5. Build Northern Metropolis I&T Museum
The Northern Metropolis represents a significant milestone in Hong Kong's journey towards industrial diversification. In light of the limited information accessible to the business sector and the public via official channels, FHKI recommends the establishment of the "Northern Metropolis I&T Museum" by the Innovation, Technology and Industry Bureau. This museum would vividly and engagingly showcase the key vision and planning for this crucial development, including the envisioned industrial landscape, operations of advanced manufacturing facilities, necessary supporting infrastructure for new industries, applications of smart production lines, and the eco-friendly operations of the Metropolis. The initiative will also facilitate timely preparations for relevant industries, spark interest among the younger generation towards new industries, attract globally prominent enterprises to establish presence, and visualise the new industrialisation occurring within the Metropolis to local SMEs and startups.

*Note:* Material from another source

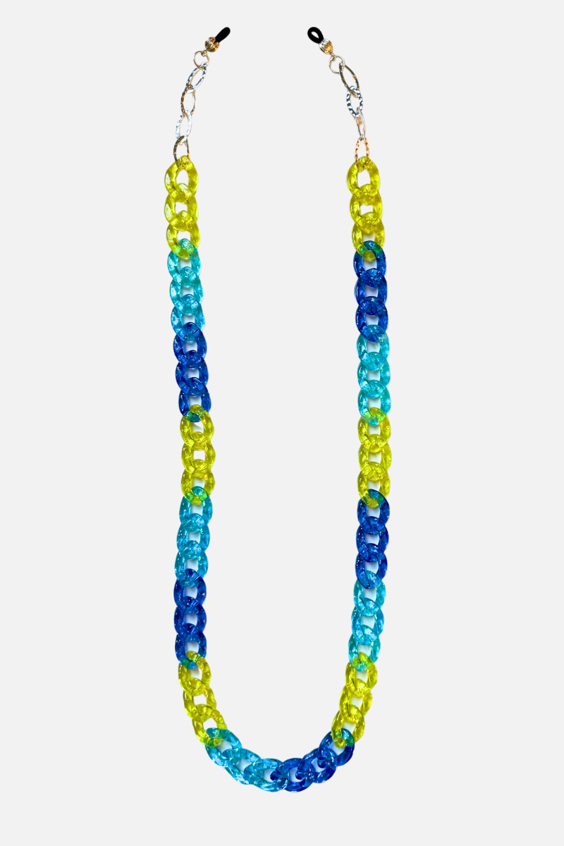 - A mix of turquoise, royal blue and yellow glitter acrylic curb links
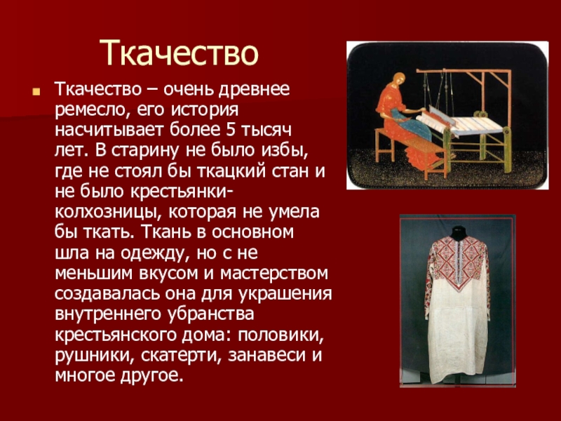 лет. В старину не было избы, где не стоял бы ткацкий стан и не было крестьянки- колхозницы, которая не умела бы ткать. Ткань в основном шла на одежду, но с не меньшим вкусом и мастерством создавалась она для украшения внутреннего убранства крестьянского дома: половики, рушники, скатерти, занавеси и многое другое.

6. Support Venturing into the ASEAN
As the ASEAN has become an important economic and trade partner for Hong Kong's business sector, FHKI recommends the Government to negotiate with ASEAN member states to provide Hong Kong enterprises and business personnels with Multiple Entry Business Permits. Such permits would enable the holder to travel freely within the ASEAN member states during the valid period, as well as extend their permitted duration of stay. Additionally, the Government should establish more Economic and Trade Offices (ETOs) across the ASEAN region and organise more trade missions and exhibition activities. These concerted efforts would serve to directly support Hong Kong businesses operating in the ASEAN marketplace, while also promoting Hong Kong brands. Meanwhile, the Government can proactively assist the local business community in developing the lucrative halal industry and market. This could involve the establishment of relevant funding schemes to bolster Hong Kong firms in setting up dedicated halal food production facilities, as well as developing halal certification and testing frameworks.
In addition to these six major initiatives, FHKI has proposed a series of short, medium, and long-term measures across six critical areas: kickstarting economic recovery and alleviating financial pressures on businesses; driving new industrialisation through innovation and technology; strengthening Hong Kong's unique competitive advantages; enhancing regional connectivity; bolstering the industrial talent pool; and enhancing the sustainable competitiveness of the local business community.